The first is that “vote leave” was a significantly more popular search term that any of the terms people used to identify its rival campaign. “Vote remain” and “vote stay” have small spikes in June, “stronger in” doesn’t change (we’ll get to that), and the search term “Britain stronger in Europe” is barely visible.

The second is that British election cycles are much shorter than American ones.

From the small blips in data, you can see that the Vote Leave campaign started in late January 2016 at the earliest, which was about five months before the referendum. By contrast, Donald Trump’s “Make America Great Again” campaign started way back in July 2015, which was a ridiculous 15 months before the election.

As for Stronger In? From this graph, it’s hard to say when their campaign started, if it started at all, because results for that search term don’t change. The results over a five-year period paint an even starker picture.

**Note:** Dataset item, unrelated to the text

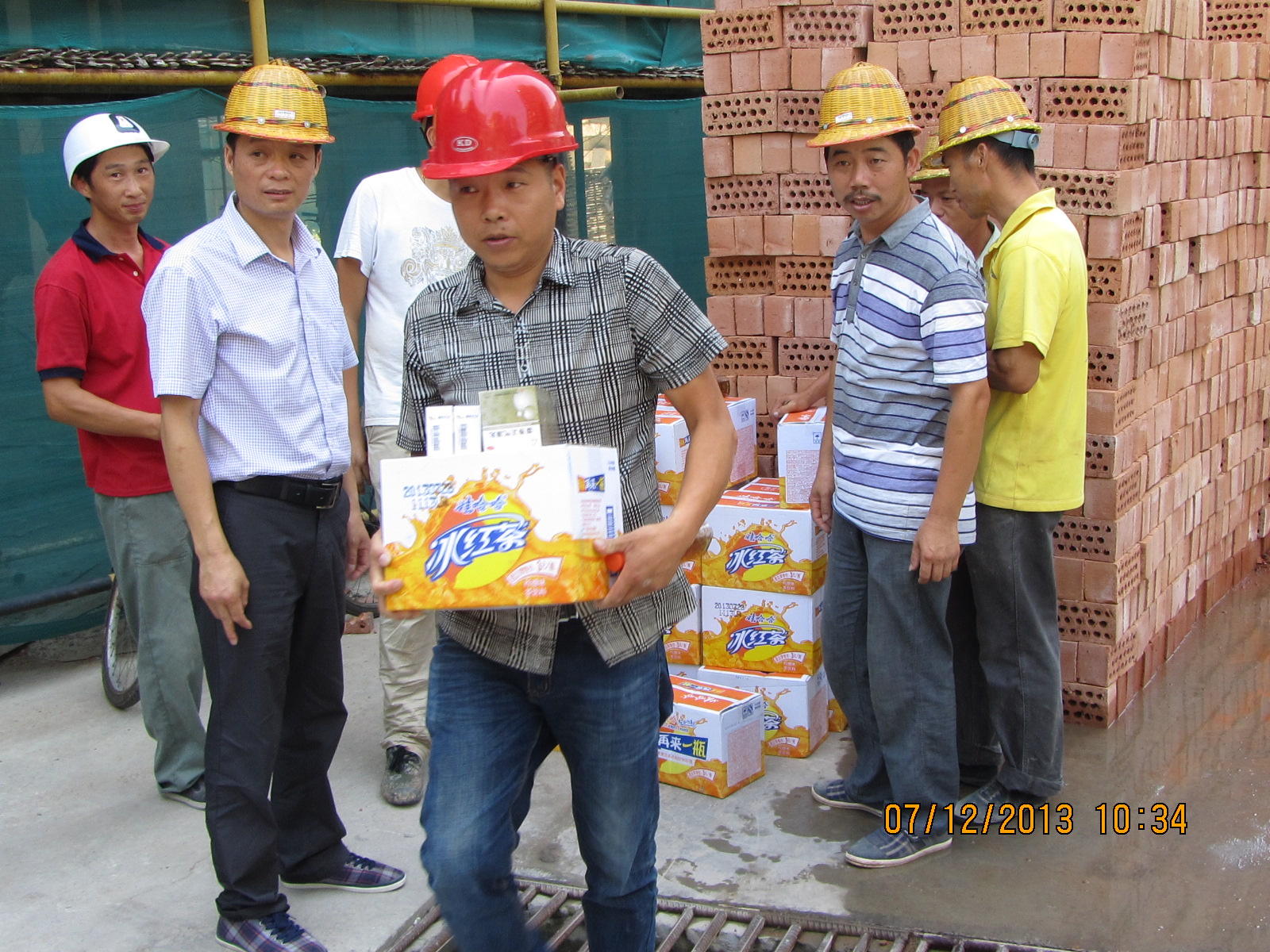 當(dāng)前,夏日炎炎,驕陽(yáng)似火,正值建筑施工生產(chǎn)旺季,金龍.長(zhǎng)運(yùn)花苑工地的工人師傅們頂著高溫酷暑辛勤地工作。2013年7月12日,南明房地產(chǎn)公司工程部在公司副總經(jīng)理的帶領(lǐng)下,帶著清涼食品和防暑保健藥品到施工現(xiàn)場(chǎng)積極開(kāi)展“夏日送清涼”活動(dòng),給奮戰(zhàn)在一線的建筑工人送去項(xiàng)目部的關(guān)懷和慰問(wèn)。并叮囑大家在高溫作業(yè)時(shí),要合理安排作息時(shí)間,做好防暑降溫工作,并要求項(xiàng)目部做好食堂的飲食和疾病防疫等工作,在施工現(xiàn)場(chǎng)按照公司規(guī)定配備安全生產(chǎn)和職業(yè)防護(hù)設(shè)施,加大對(duì)工人的防暑降溫和中暑急救知識(shí)的宣傳教育,確保工人的身體健康和安全施工。

The fact that that search term didn’t spike, or even blip, during the heat of the referendum, when compared to the other terms, goes to show that people hardly associated the campaign to stay in Europe with those words. To get an idea of when the Stronger In campaign actually began, you have to isolate the “stronger in” search term and filter results so you just get the UK. Doing anything else means that the search term is drowned out by its more successful rival and by the fact that people were using the term “stronger in” for years before to refer to something else entirely.

Let’s take a look at another graph.

This graph shows us just the period from May to July and only searches made in the UK. From this, it’s even clearer how well the Vote Leave campaign did. To be honest, we should be shocked that Vote Leave only won by four percentage points. If searches were votes, there’d be no contest.

In fact, in this referendum, searches pretty much were votes. After all, both campaigns were savvy enough to be at the top of Google for their keywords. As of January 2017, searches for “vote remain,” “vote stay,” “stronger in,” and “Britain stronger in Europe” all give you the official Stronger In website. The same is true of searches for “vote leave” and its website.

Searches for “vote leave” spiked on 23rd May, when Vote Leave released its televised campaign broadcast. From the data, you’d be forgiven for thinking that Stronger In didn’t even have a televised campaign broadcast, but they did on 24th May. Searches for “vote leave” also spiked on 7th June, when several newspapers lead with the story that pro-Europe MPs might use a House of Commons vote to keep Britain in the single market.

Those spikes in data aren’t numbers; they are people. Specifically, they are British people who are being directed to a website which is anti-EU and who already have a pretty solid idea of which way they’re going to vote. The aim of both websites is to give them that final push, and the data shows that Vote Leave did this much better. Because we’re not comparing the search terms “should I vote leave?” or “should I vote remain?”

Those are often referred to as “informational” search terms. Or, as Google phrases it, search terms from people who are looking to “know” something. Rather, we’re comparing two “transactional” search terms. Or, as Google phrases it, search terms from people who are looking to “do” something. The data shows, quite clearly, that the thing more searchers want to “do” is “vote leave.” And, in the end, that’s exactly what they did.